====== INFORMATION

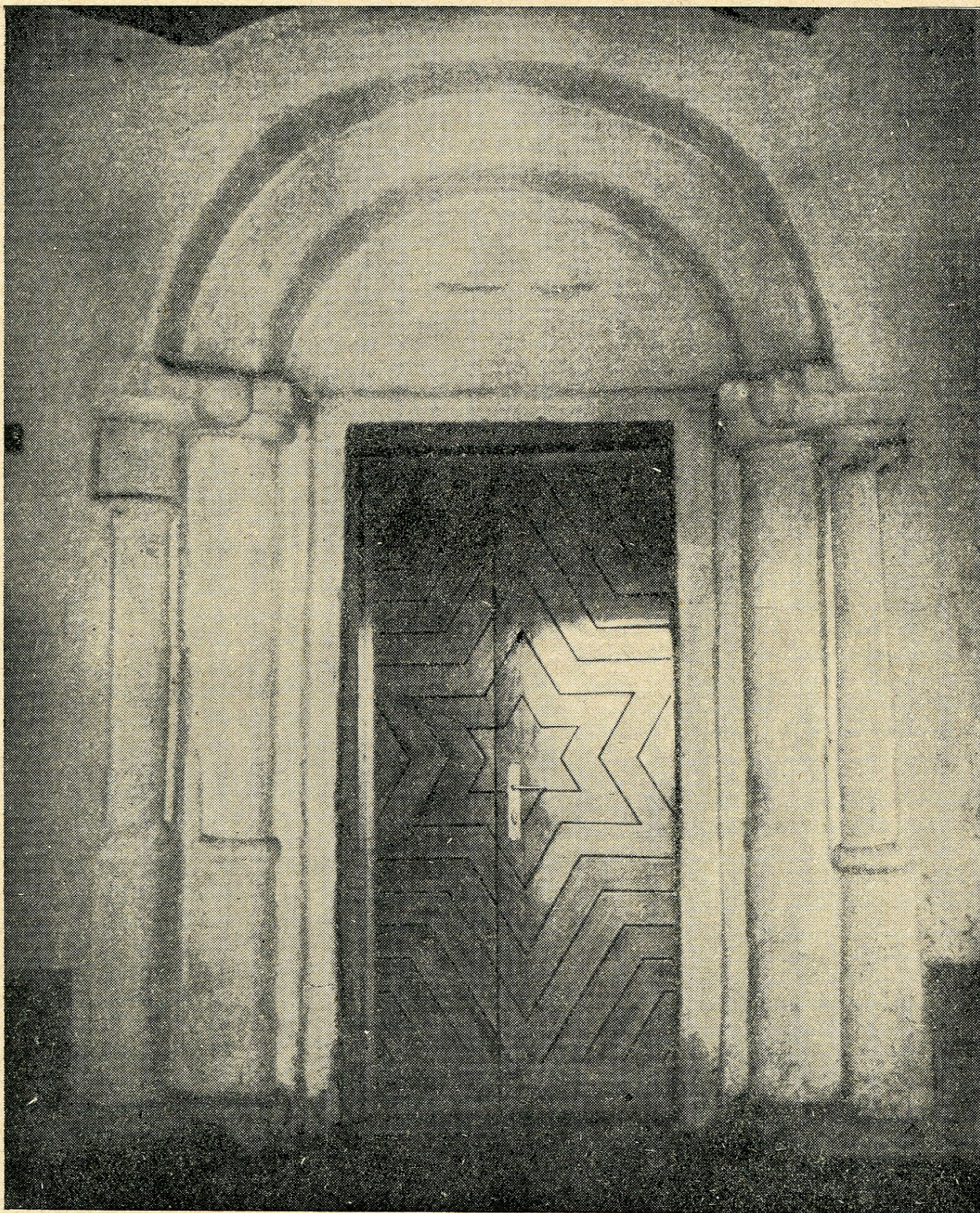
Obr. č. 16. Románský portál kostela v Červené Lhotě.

============
====== INFORMATION

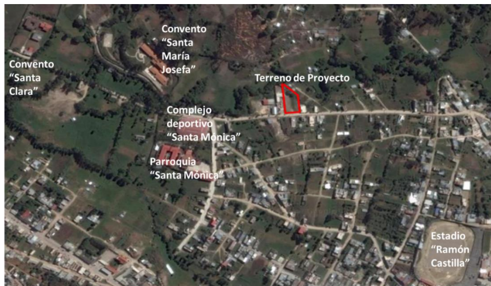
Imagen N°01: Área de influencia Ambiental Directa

============
====== INFORMATION

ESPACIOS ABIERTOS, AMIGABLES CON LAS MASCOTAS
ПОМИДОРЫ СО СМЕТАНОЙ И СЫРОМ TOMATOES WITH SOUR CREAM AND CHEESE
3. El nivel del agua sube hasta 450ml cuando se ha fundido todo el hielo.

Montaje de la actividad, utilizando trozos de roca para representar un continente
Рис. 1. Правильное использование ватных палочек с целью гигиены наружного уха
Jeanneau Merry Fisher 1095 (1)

============

| ASSIGNMENT |
What you return must be an exact retyping of the lines above starting at the line with "ПОМИДОРЫ СО СМЕТАНОЙ" and ending at the line with "Montaje de la", and nothing besides.

| ANSWER BOX |
ПОМИДОРЫ СО СМЕТАНОЙ И СЫРОМ TOMATOES WITH SOUR CREAM AND CHEESE
3. El nivel del agua sube hasta 450ml cuando se ha fundido todo el hielo.

Montaje de la actividad, utilizando trozos de roca para representar un continente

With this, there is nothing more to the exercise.